As I say, we have a good team, and I think it should be a winning one if our manager is on the square and wants it to win. For some reason I do not trust the man.

At our first meeting I was seized by a powerful instinctive feeling of dislike and distrust. He is cold as a fish and bloodless as a stone, with a voice as flat and monotonous as the Desert of Sahara, and his frosty, unfeeling eye is not the eye of an honest man.

He does not belong in Kingsbridge, but has been hired, like the players on the team, and I should say that he is a person who stands ready to sell himself at any time for a price.

If it should happen that, near the close of the season, Kingsbridge stands between Bancroft and championship honors, Bancroft will cop the pennant easily enough by dickering on the “q. t.” with Mr. Robert Hutchinson—or I’m away off my trolley.

It was characteristic of the man reading the letter that he did not show his rage by flushing. His nose, however, became a livid, sickly white, and his thin lips were pressed somewhat more closely together, causing his mouth to resemble a straight, colorless scar. His face was that of a most dangerous man who would strike at an enemy’s back in the dark.

There were other paragraphs that Hutchinson read without skipping a line:

Oh, by the way, old fellow, I have met the most charming girl it has ever been my good luck to run across. I’m not going to try to describe her, because I simply lack command of language to do so, and by this confession alone you can see that she has me going some.

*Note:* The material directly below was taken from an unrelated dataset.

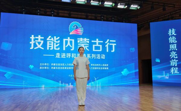 11月24日,由内蒙古自治区人力资源和社会保障厅、呼和浩特市人民政府联合主办的“技能内蒙古行—走进呼和浩特”系列活动在呼和浩特职业技术大学隆重举行。通辽职业学院护理系敖文君老师凭借深厚的专业素养与突出的技能成就,受邀作为技能人才代表登台宣讲。作为自治区技术能手,敖文君老师于2024年8月在内蒙古自治区第二届职业技能大赛养老护理赛项中斩获金牌,2025年9月更代表内蒙古出征中华人民共和国第三届职业技能大赛,勇夺养老护理赛项优胜奖(全国第六名),充分展现了我区养老护理技能人才的顶尖水平与专业风采。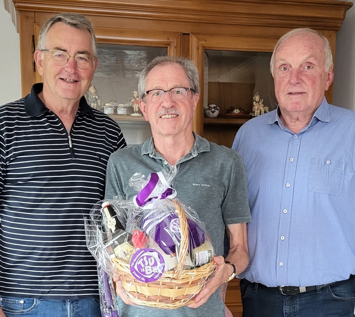 Die Glückwünsche und ein kleines Geschenk überbrachten dem ehemaligen Jugendleiter (1990-1993) und aktuellen 2. Vorstand des Förderverein Gerhard Holz (Mitte) im Namen der Abteilung und des FV Reinhard Weiß (rechts) und Rudi Scherrle.

Her name is Janet Harting, and she is the daughter of a hard-shell parson whose pet aversion is baseball—a man who, according to report, believes all baseball players must be either children, fools, or ruffians.

Janet, however, has attended boarding school, and she’s a thoroughbred fan, though her father raises such a rumpus about it that she doesn’t get out to many games.

Benton King, son of the man who has metamorphosed Kingsbridge from a four-corners settlement into a hustling, rip-roaring young city-to-be, is mightily interested in Miss Janet. Judging by appearances, she is not exactly averse to his attentions, which, considering his prospects and the fact that he seems to have anything around here in the eligible-young-man line left at the post, is no source for wonderment.